* Exercise aim: Each line below from the one containing "1月6日,米其林正式发布了首" through the one containing "Bo Jackson Signed" should be output exactly as it stands, and no other line should appear.

* Records shown:
======

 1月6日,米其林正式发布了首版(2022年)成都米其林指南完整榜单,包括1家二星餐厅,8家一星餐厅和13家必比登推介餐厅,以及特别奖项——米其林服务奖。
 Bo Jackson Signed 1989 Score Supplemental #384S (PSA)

======

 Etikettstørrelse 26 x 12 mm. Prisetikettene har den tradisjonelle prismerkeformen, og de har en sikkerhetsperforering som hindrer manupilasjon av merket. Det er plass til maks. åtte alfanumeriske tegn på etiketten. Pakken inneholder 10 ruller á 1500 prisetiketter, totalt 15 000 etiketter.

======

* Result for this task:
 1月6日,米其林正式发布了首版(2022年)成都米其林指南完整榜单,包括1家二星餐厅,8家一星餐厅和13家必比登推介餐厅,以及特别奖项——米其林服务奖。
 Bo Jackson Signed 1989 Score Supplemental #384S (PSA)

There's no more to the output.